__DATA RECORDS__
----

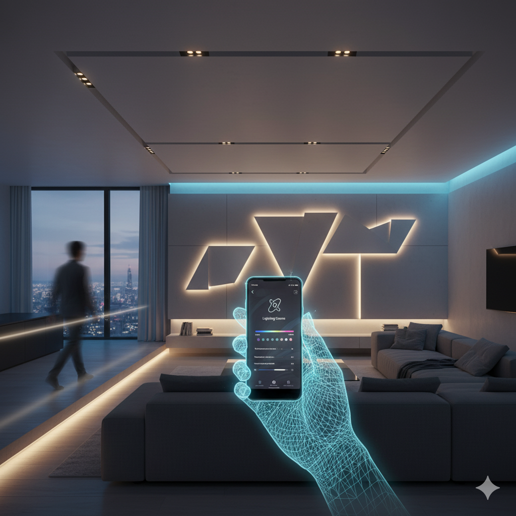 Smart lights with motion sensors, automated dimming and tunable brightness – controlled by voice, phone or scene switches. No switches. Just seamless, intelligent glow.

----

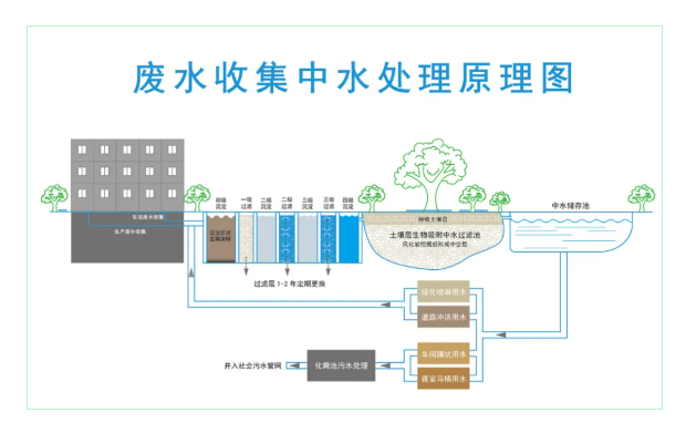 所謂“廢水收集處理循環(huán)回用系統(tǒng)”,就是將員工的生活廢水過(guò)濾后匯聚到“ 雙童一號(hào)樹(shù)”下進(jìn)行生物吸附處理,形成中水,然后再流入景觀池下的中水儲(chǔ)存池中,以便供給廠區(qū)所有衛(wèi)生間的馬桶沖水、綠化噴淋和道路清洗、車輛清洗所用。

----

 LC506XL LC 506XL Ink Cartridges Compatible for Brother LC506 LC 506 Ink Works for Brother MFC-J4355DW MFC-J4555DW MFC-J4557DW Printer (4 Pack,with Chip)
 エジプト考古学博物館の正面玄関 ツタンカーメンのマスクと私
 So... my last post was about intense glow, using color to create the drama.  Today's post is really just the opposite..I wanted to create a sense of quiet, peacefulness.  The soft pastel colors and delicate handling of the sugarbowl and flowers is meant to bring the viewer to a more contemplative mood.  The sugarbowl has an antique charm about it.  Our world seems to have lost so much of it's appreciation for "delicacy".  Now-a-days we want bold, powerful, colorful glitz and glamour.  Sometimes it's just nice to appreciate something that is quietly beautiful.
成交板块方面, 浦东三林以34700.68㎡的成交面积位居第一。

----

__WHAT IS EXPECTED__
Look back at the entries above and repeat, unchanged, every line from the line holding "LC506XL LC 506XL" through the line holding "成交板块方面, 浦东三林以34700.68㎡的成交面积位居第一。".

__EXPECTED ANSWER__
 LC506XL LC 506XL Ink Cartridges Compatible for Brother LC506 LC 506 Ink Works for Brother MFC-J4355DW MFC-J4555DW MFC-J4557DW Printer (4 Pack,with Chip)
 エジプト考古学博物館の正面玄関 ツタンカーメンのマスクと私
 So... my last post was about intense glow, using color to create the drama.  Today's post is really just the opposite..I wanted to create a sense of quiet, peacefulness.  The soft pastel colors and delicate handling of the sugarbowl and flowers is meant to bring the viewer to a more contemplative mood.  The sugarbowl has an antique charm about it.  Our world seems to have lost so much of it's appreciation for "delicacy".  Now-a-days we want bold, powerful, colorful glitz and glamour.  Sometimes it's just nice to appreciate something that is quietly beautiful.
成交板块方面, 浦东三林以34700.68㎡的成交面积位居第一。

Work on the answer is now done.